A skill that transcends language.


One question I get asked often is, “If you’re Kenyan, how can you speak Arabic?”

The answer’s simple really. My parents moved from Kenya to the Gulf Region in the 80’s, so we grew up there but that’s not the secret.

The secret was The Rule; we (the kids) were not allowed to speak in Swahili (my parents’ mother tongue). My parents were strict about it. The moment we would try to say something in Swahili my mother would say, “Arabic!”

That rule was funny because my parents spoke Swahili among themselves, so we had to pick up Arabic.


From friends, from TV, from the only Arabic lesson we got taught in private schools. But my brothers and I managed well, and my parents learnt the language with us.

The main disadvantage of this is that we don’t have a specific Arabic accent. While my younger brother matches the dialect of whoever he’s speaking to, I tend to mix and match words from Emirati and Palestinian dialects to convey a message.

Now, because of the diversity of countries such as the UAE, being tri-lingual is no big deal, especially when you have that Indian friend who speaks 4 languages.

Image courtesy of Unsplash

The unexpected result of how we learnt the language as kids was that we became more attuned to context and non-verbal communication. In other words, we developed the skill of reading people’s expressions, reading between the words they were saying…simply enough, just reading people.

And that’s lead to deeper connection than knowing three languages ever could, because that skill transcends languages. Now I’m not going to claim I’m a pro at reading people. A lot of times I need to calibrate that skill, i.e. I need to know the person well enough first.

But it was common for one of my friends to have a conversation completely in Urdu, then turn to translate only for me to say, “No need. This is what you were talking about, right?”

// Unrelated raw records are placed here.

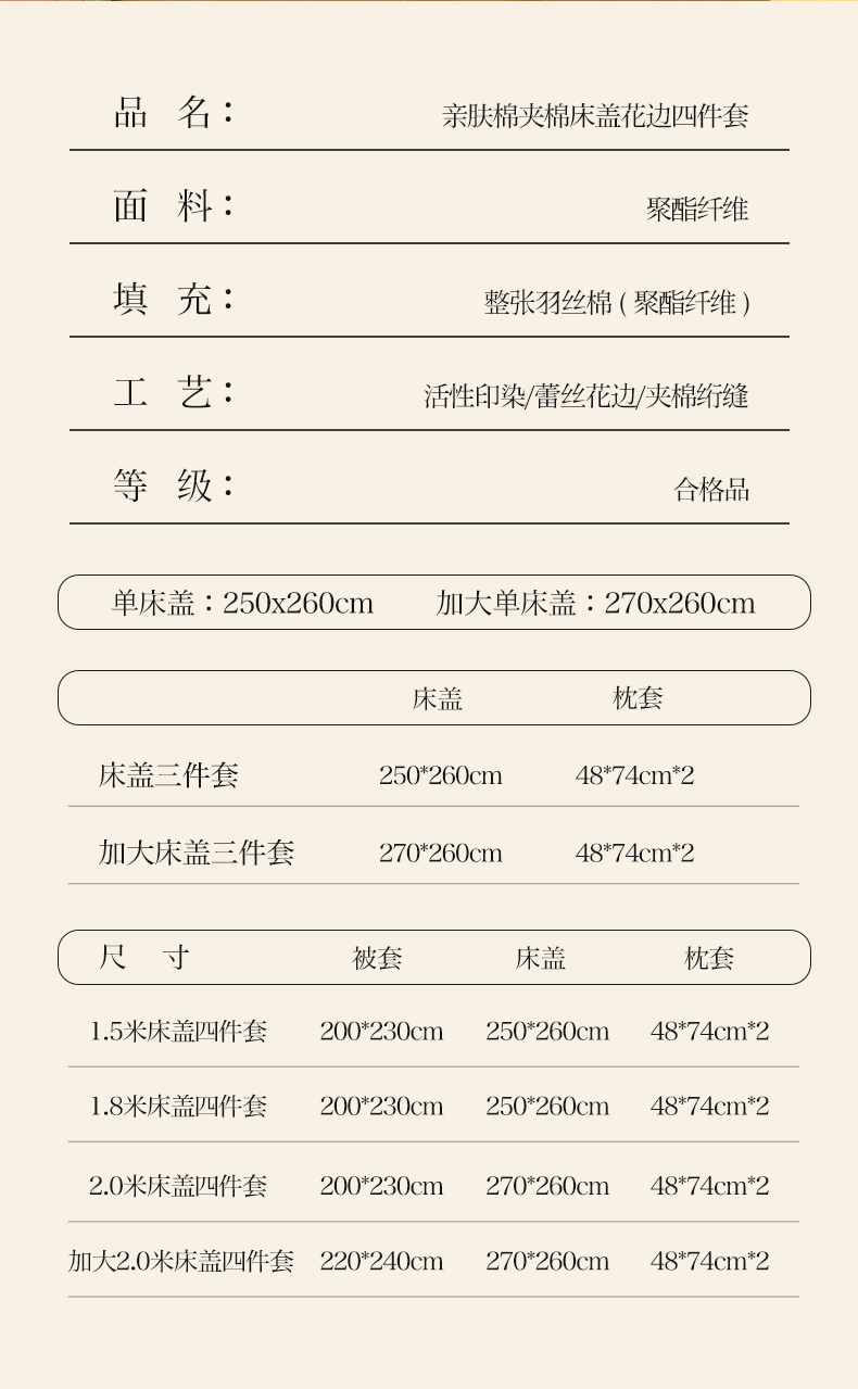 1.8米床盖四件套:被套200x230cm+床盖250x260cm+2只枕套 | ¥80.00 |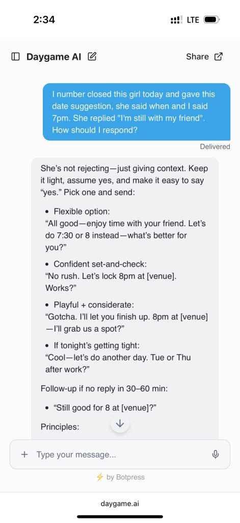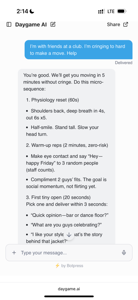 What if you could compress almost three decades of dating and cold approach experience in your pocket? That’s what Daygame AI is.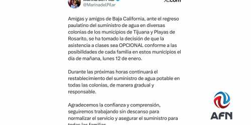 TIJUANA BC 10 DE ENERO DE 2026 (AFN).- Hasta este domingo 11 de enero, alrededor de las 6-7 de la mañana, será restablecido el ...
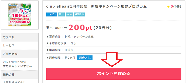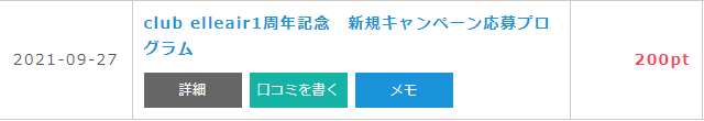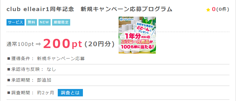 ポイントインカムに掲載されている「club elleair1周年記念 新規キャンペーン応募プログラム」からキャンペーンに応募することで200ポイント(20円相当)が即もらえます。キャンペーンにハズレてもポイントはもらえるので、応募される場合はポイントインカムがおすすめです。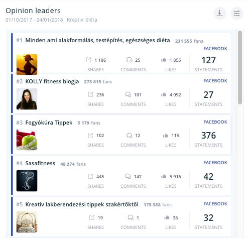 Ez annyit jelent, hogy ők voltak azok a publikus egyéni online felhasználók, oldalak, akik a témában a legnagyobb hangadók voltak – adott időszakban. A SentiOne ezt a rangsort automatikusan, egy saját fejlesztésű algoritmus segítségével állítja fel összevetve a felhasználók által közzétett, a kutatás kapcsán releváns tartalmak mennyiségét, az ezekre érkezett megosztások, kommentek és lájkok számával, valamint az oldal követőbázisának nagyságával.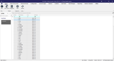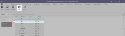 - Financial Periods - Sync with Tax Periods: Synchronises the financial and tax periods so that they are processed in a 1 to 1 relationship, i.e. when the current financial period is closed, the current tax period will auto close and the next tax period will auto open. This configuration will only be used where the company processes monthly tax periods. If another period is used, e.g. quarterly, then the tax period would need to be manually closed once all tax processing has been finalised.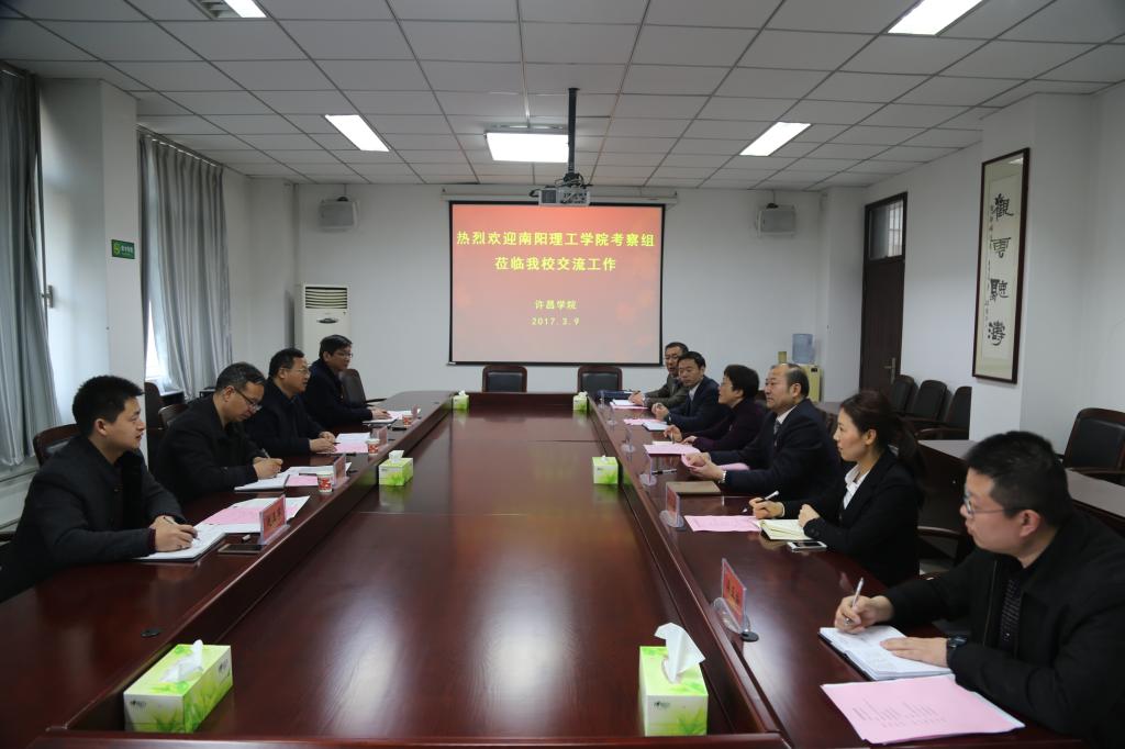 南阳理工学院副院长张世海表示,许昌学院底蕴丰厚,转型发展站位高、思路清、定位准,很多工作都凸显特色与创新,从顶层设计到基层实践很多方面都值得南阳理工学院学习借鉴。并就高层次人才引进、应用型人才培养、应用型课程建设等工作与我校领导进行了深入交流。
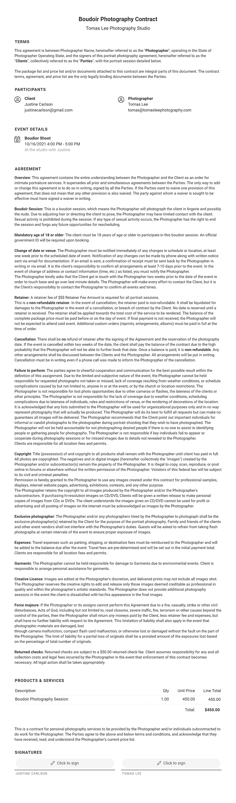 Boudoir photography contracts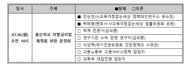 ■ 출신학교 차별 금지법 제정을 위한 국회 공청회 예고 보도(2016. 7. 12.)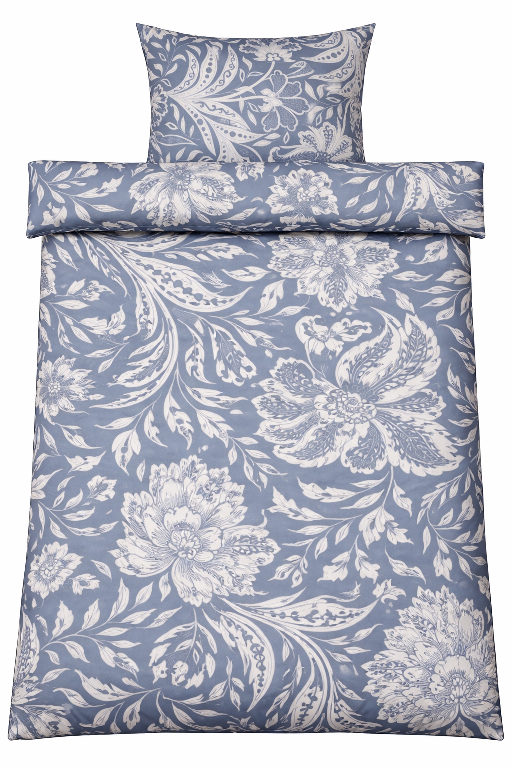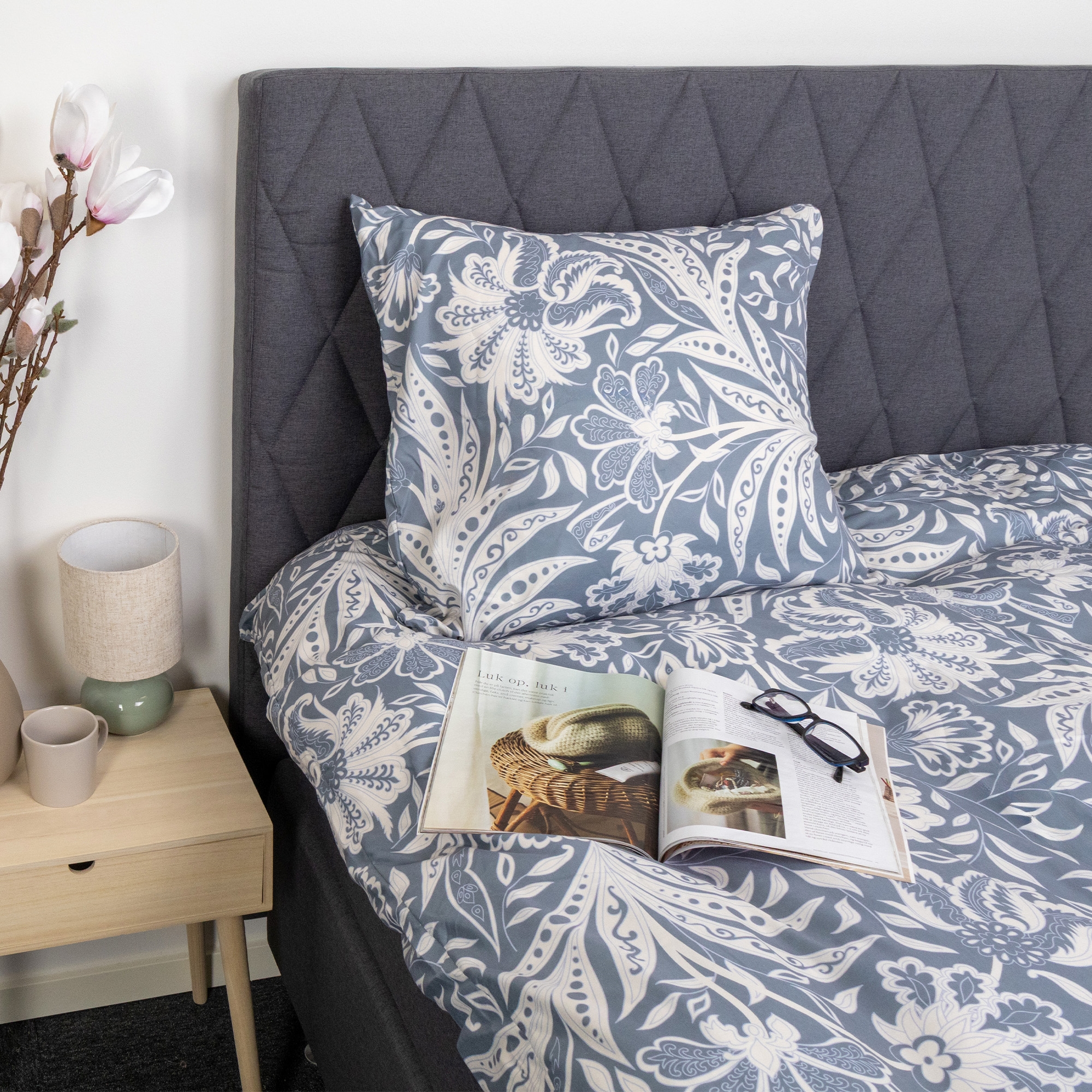 Både dynetrekk og putetrekk lukkes med innvendig glidelås, som sikrer at dyne og pute holder seg på plass, og gjør det enkelt å skifte sengetøy. Det blå blomsterdesignet skaper et rolig og dekorativt uttrykk som passer inn i både moderne og klassiske soverom.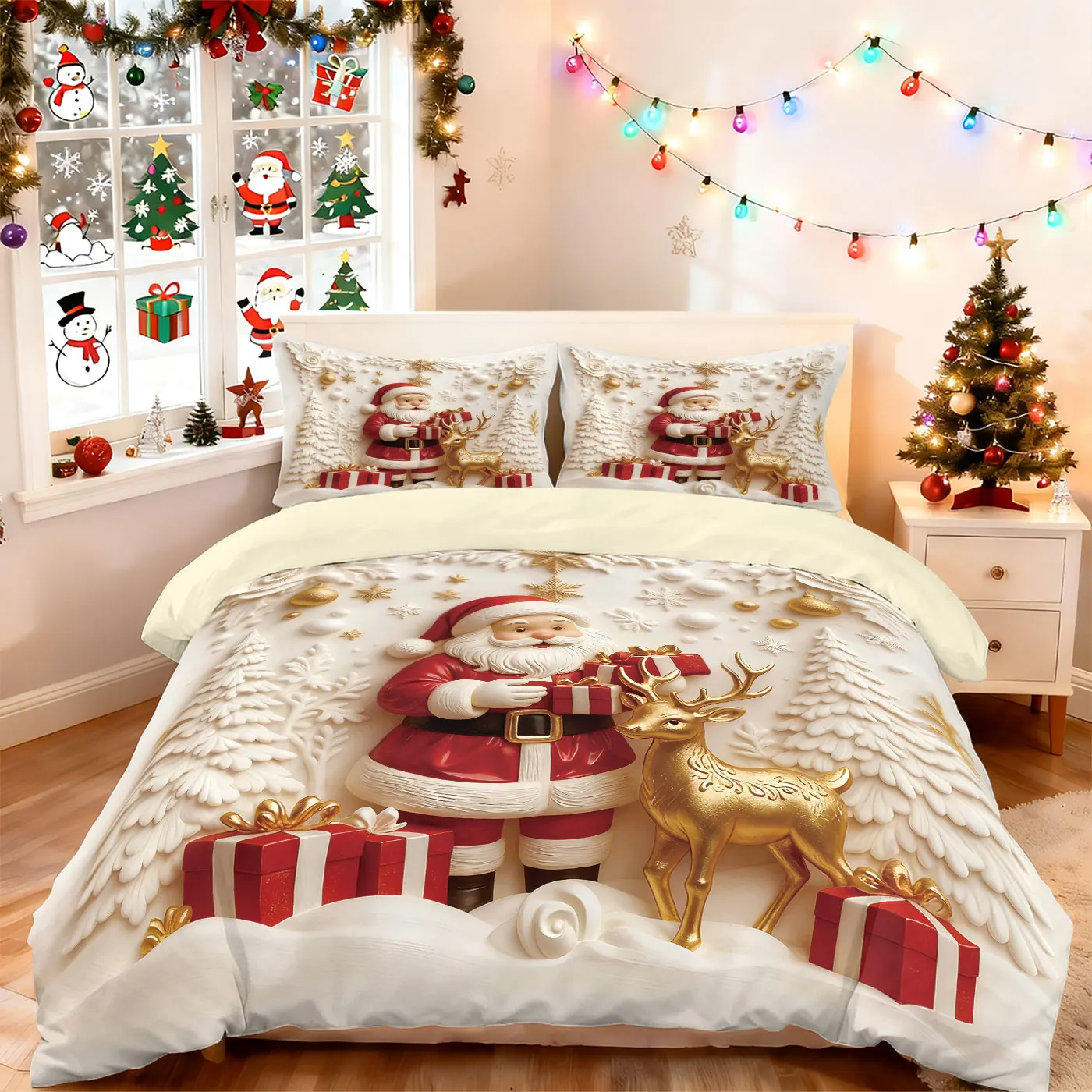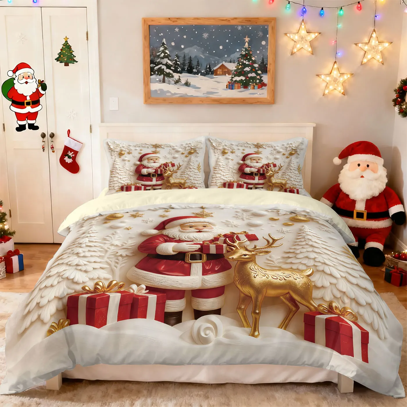 3pcs Merry Christmas Snowman Printed Chipless Bedding Set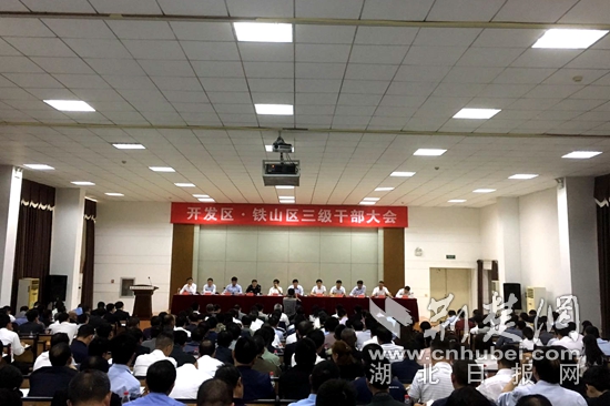 荊楚網(wǎng)客戶端—荊楚網(wǎng)消息(記者 呂鑒蕾)4月19日,黃石開發(fā)區(qū)·鐵山區(qū)召開三級(jí)干部大會(huì),這是開發(fā)區(qū)·鐵山區(qū)一體化發(fā)展實(shí)施后,召開的首次全體干部大會(huì)。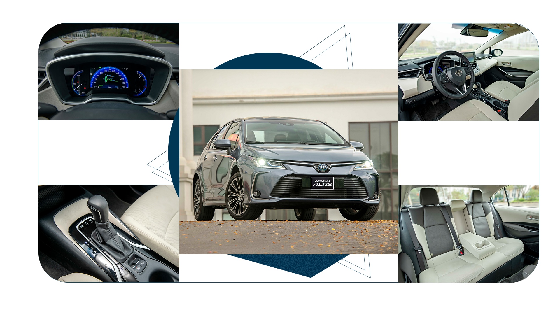 Ở phiên bản cao cấp nhất, Corolla Altis có thể xem như mẫu xe dẫn đầu phân khúc sedan hạng C với loạt trang bị sáng giá. Những tính năng đáng chú ý không thể bỏ qua có thể kể đến như màn hình giải trí trung tâm 9 inch hỗ trợ kết nối Apple CarPlay/ Android Auto không dây, hiển thị kính lái HUD, chìa khóa thông minh…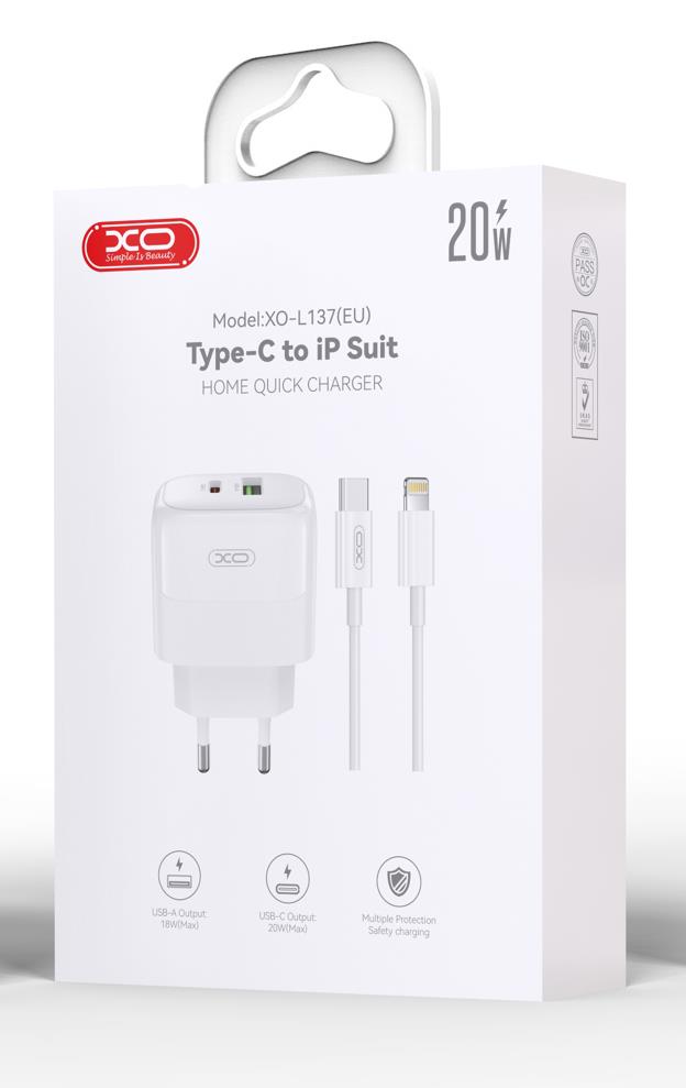 XO L137 ΦΟΡΤΙΣΤΗΣ PD20W/QC18W, 1 ΘΥΡΑ USB + 1 ΘΥΡΑ PD, ΜΕ ΚΑΛΩΔΙΟ LIGHTNING, ΛΕΥΚΟ

Or once we had a meeting with our boss who said something to which my colleague’s face expression changed so subtly. When we left the meeting, I asked her, “What were you thinking when he said so and so?”

And she gave me a response I wouldn’t have gotten had I not noticed the microexpression.

This skill was perfectly utilized growing up with a very secretive brother who didn’t like to talk about anything. My mother used to always pick me as the person who ‘understood’ him. “He tells you everything,” she used to believe. It took him leaving the country for me to realize that the only reason I used to understand him was not because he told me anything, but because I read him too well.

This made me realize that sometimes in life, it’s good for you to not have things figured out from the start…that you learn more from the process of seeking knowledge than actually attaining it.

I have to admit, as a kid I found The Rule annoying, especially since we spent 2 months every year in Kenya, and our Swahili was as broken as a glass vase that had plummeted to its demise from a 1 km height. We were made fun of a lot, even though Swahili was supposed to be our mother tongue — technically, it was just our mother ear because we heard it and understood it but were not allowed to speak it.

But now as I get asked more and more by frustrated Arab parents whose kids don’t speak Arabic because of their private-schooling, I really appreciate the gift my parents had given me in setting up The Rule.